WHAT IS BEING ASKED: An exact reprint of the listing is required, with no pictures included.

DATA PROVIDED:
BEGIN

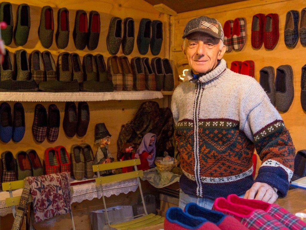 Gironzoliamo tra le casette, facendoci indicare i fedelissimi del mercatino. Sono tre, ci dicono, quelli presenti dal 2002 a tutte le ventuno edizioni. Il primo è Livio Mondin con le sue baite in miniatura, costruzioni in pietra e legno che ci restituiscono l'anima delle nostre alture, il nostro paradiso a pochi metri dal cielo. Ne espone oltre una ventina, capolavori di architettura e pazienza. Poco più avanti incontriamo Daniela Fava Piz, con i suoi piccoli cuscini, sacchetti, cuori e angioletti imbottiti e ricamati a punto croce con fiori, montagne, slitte e renne natalizie. Un'idea regalo delicata. Poi la casetta di Mario De Luca, di poche parole, ma di caldissime proposte: le mufle di Sordevolo, le antiche pantofole in panno, realizzate in pura lana. Ognuna è un pezzo unico, a tinta unita o variegata. Rigorosamente fatte a mano.
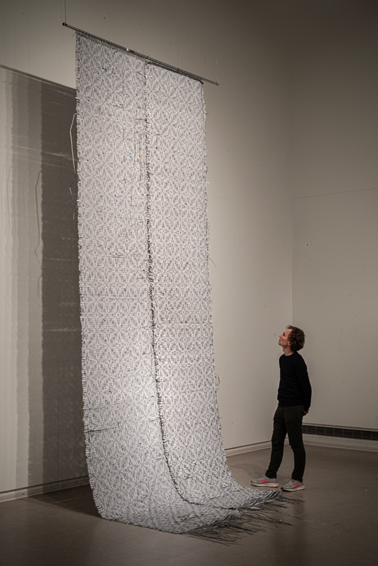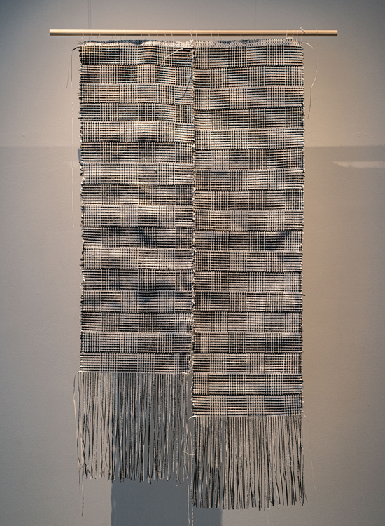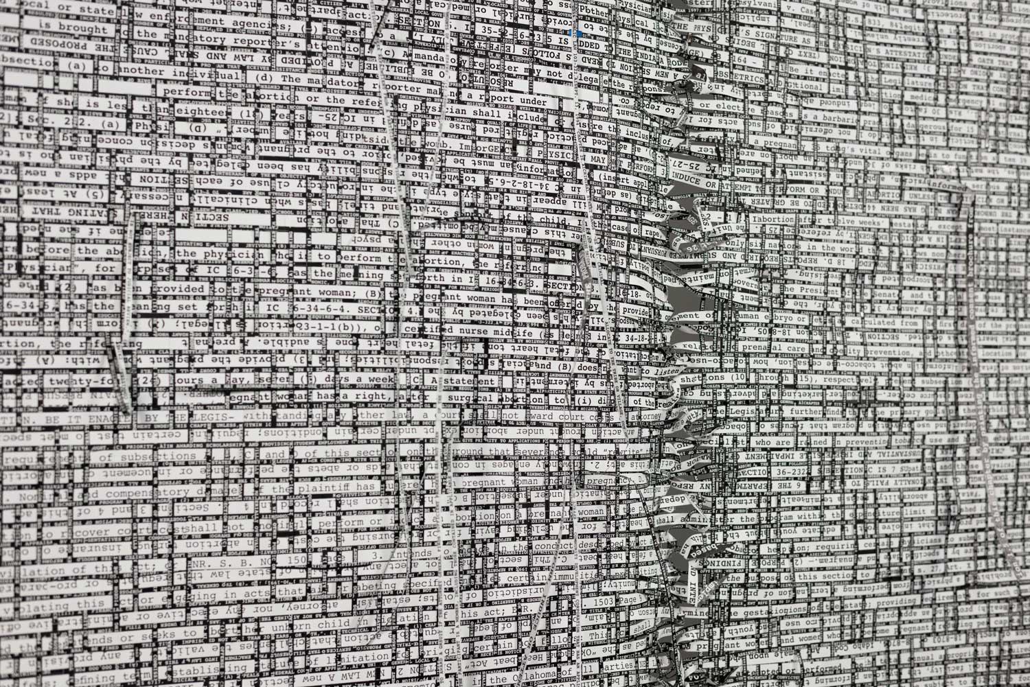 Warp and Weft is an ongoing project involving a series of hand-woven tapestries constructed from paper printouts of legal documents (from state codes concerning abortion, and anti-immigration memoranda to Supreme Court opinions from the last decade, which have steadily gutted the Voting Rights Act of 1965.) Accompanying the tapestry is a photographic series in which I sleep, meditate, read and poop while wearing the fabric in various ways.
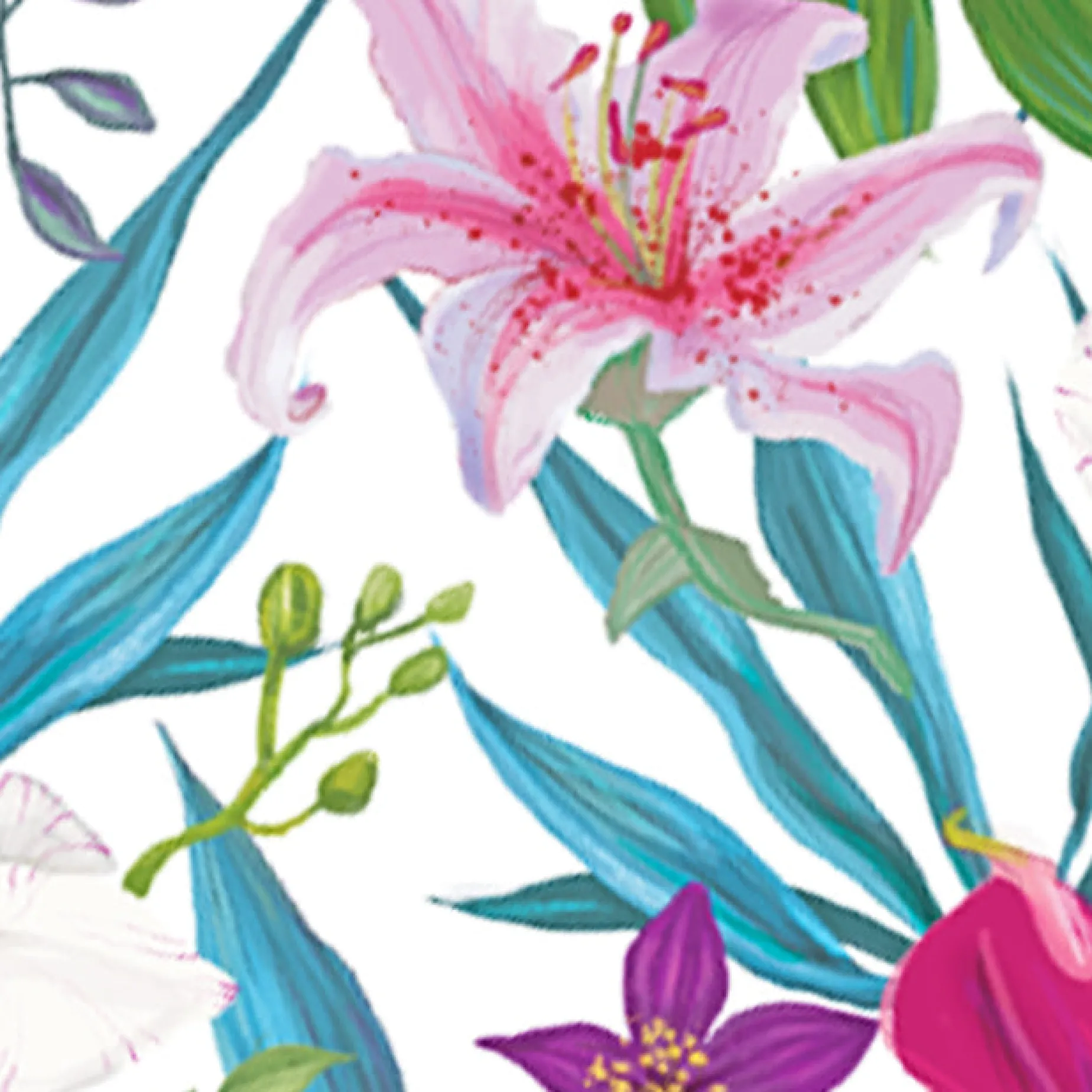 Stampa rosa, viola, celeste e verde su fondo bianco

END

RESPONSE BELOW:
 Gironzoliamo tra le casette, facendoci indicare i fedelissimi del mercatino. Sono tre, ci dicono, quelli presenti dal 2002 a tutte le ventuno edizioni. Il primo è Livio Mondin con le sue baite in miniatura, costruzioni in pietra e legno che ci restituiscono l'anima delle nostre alture, il nostro paradiso a pochi metri dal cielo. Ne espone oltre una ventina, capolavori di architettura e pazienza. Poco più avanti incontriamo Daniela Fava Piz, con i suoi piccoli cuscini, sacchetti, cuori e angioletti imbottiti e ricamati a punto croce con fiori, montagne, slitte e renne natalizie. Un'idea regalo delicata. Poi la casetta di Mario De Luca, di poche parole, ma di caldissime proposte: le mufle di Sordevolo, le antiche pantofole in panno, realizzate in pura lana. Ognuna è un pezzo unico, a tinta unita o variegata. Rigorosamente fatte a mano.
 Warp and Weft is an ongoing project involving a series of hand-woven tapestries constructed from paper printouts of legal documents (from state codes concerning abortion, and anti-immigration memoranda to Supreme Court opinions from the last decade, which have steadily gutted the Voting Rights Act of 1965.) Accompanying the tapestry is a photographic series in which I sleep, meditate, read and poop while wearing the fabric in various ways.
 Stampa rosa, viola, celeste e verde su fondo bianco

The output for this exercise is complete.